### EXERCISE INSTRUCTIONS
Leave the pictures out and restate every line below exactly.

### DATASET SECTION
* * * *
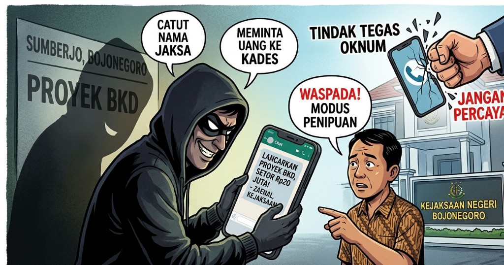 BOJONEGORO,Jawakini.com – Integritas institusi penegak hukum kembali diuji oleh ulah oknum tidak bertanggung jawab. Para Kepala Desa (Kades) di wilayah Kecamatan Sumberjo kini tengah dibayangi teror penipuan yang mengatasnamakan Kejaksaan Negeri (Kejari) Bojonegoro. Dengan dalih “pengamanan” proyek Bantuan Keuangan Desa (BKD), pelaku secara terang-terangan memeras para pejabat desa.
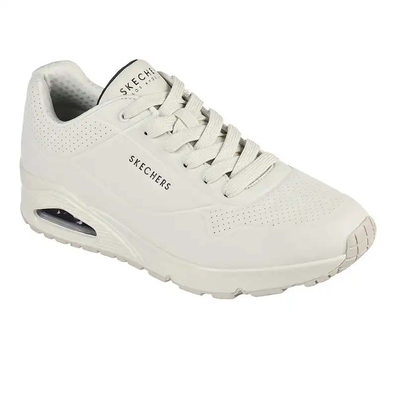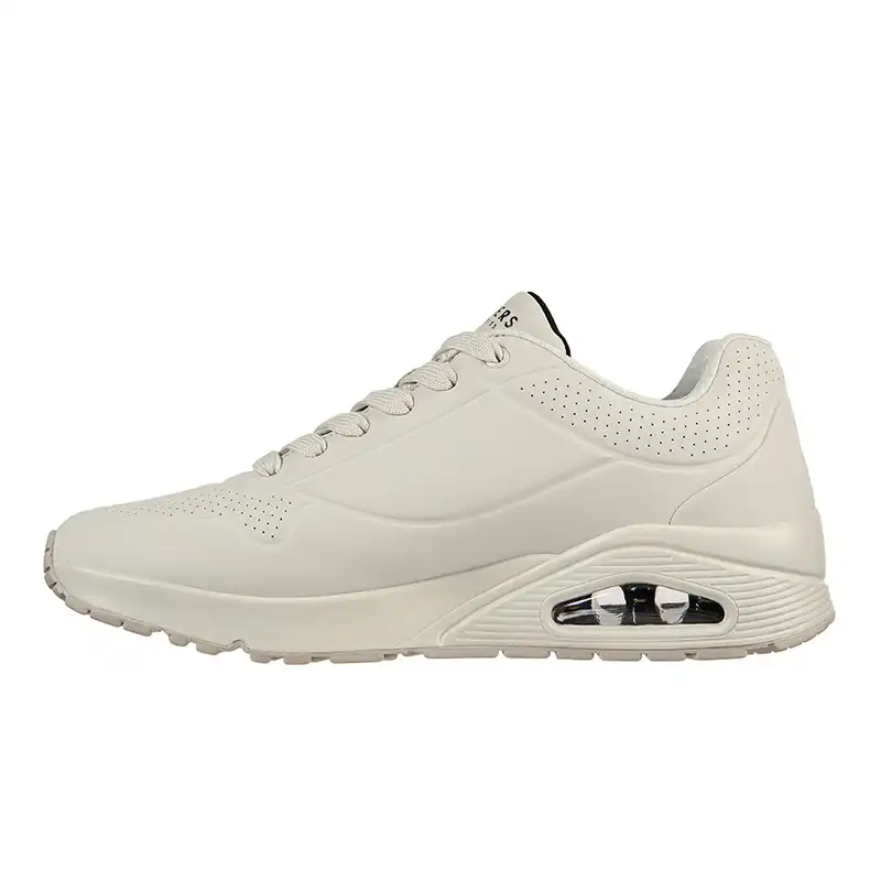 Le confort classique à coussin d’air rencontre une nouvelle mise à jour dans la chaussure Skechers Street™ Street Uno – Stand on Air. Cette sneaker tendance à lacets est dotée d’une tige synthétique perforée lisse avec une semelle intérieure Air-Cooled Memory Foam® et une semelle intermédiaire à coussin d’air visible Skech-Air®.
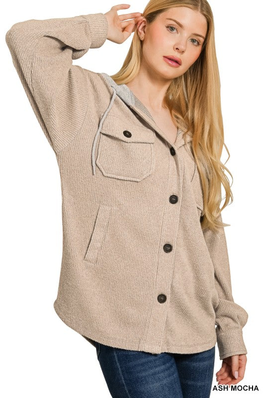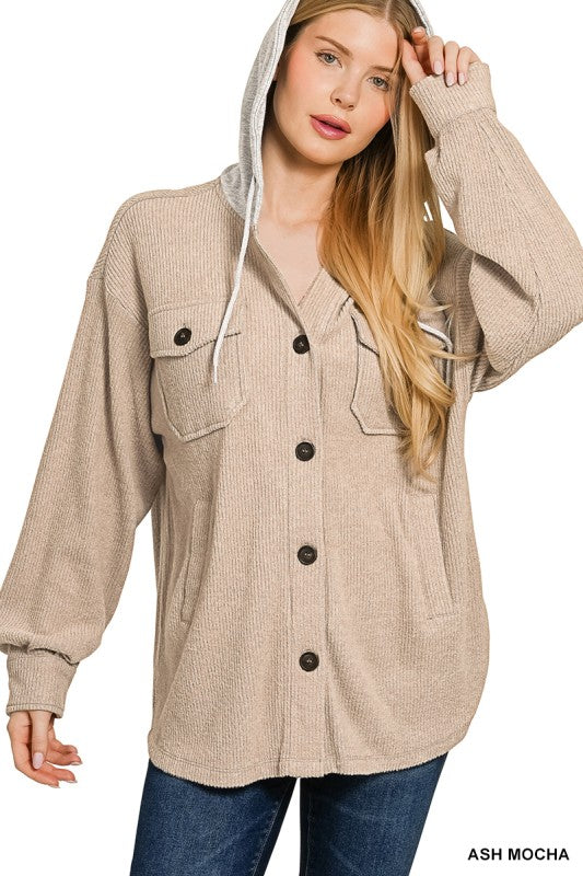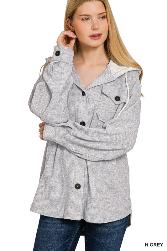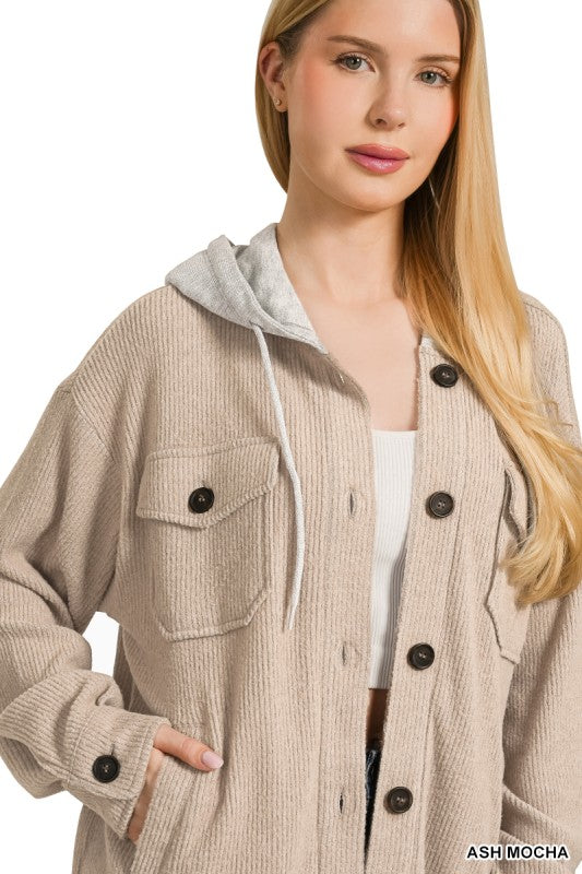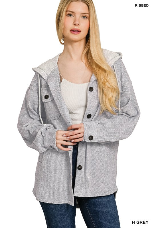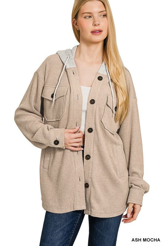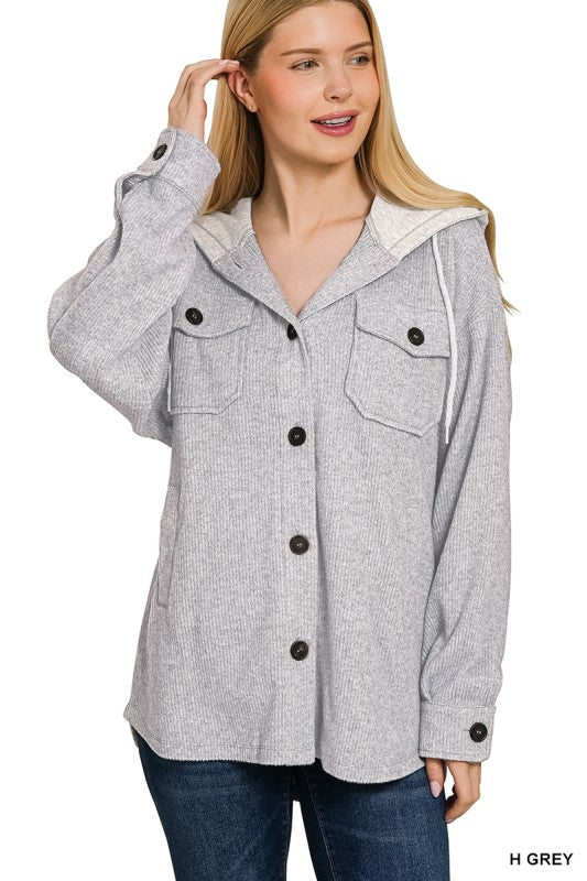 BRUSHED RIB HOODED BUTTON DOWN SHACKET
* * * *
### SOLVED EXERCISE
 BOJONEGORO,Jawakini.com – Integritas institusi penegak hukum kembali diuji oleh ulah oknum tidak bertanggung jawab. Para Kepala Desa (Kades) di wilayah Kecamatan Sumberjo kini tengah dibayangi teror penipuan yang mengatasnamakan Kejaksaan Negeri (Kejari) Bojonegoro. Dengan dalih “pengamanan” proyek Bantuan Keuangan Desa (BKD), pelaku secara terang-terangan memeras para pejabat desa.
 Le confort classique à coussin d’air rencontre une nouvelle mise à jour dans la chaussure Skechers Street™ Street Uno – Stand on Air. Cette sneaker tendance à lacets est dotée d’une tige synthétique perforée lisse avec une semelle intérieure Air-Cooled Memory Foam® et une semelle intermédiaire à coussin d’air visible Skech-Air®.
 BRUSHED RIB HOODED BUTTON DOWN SHACKET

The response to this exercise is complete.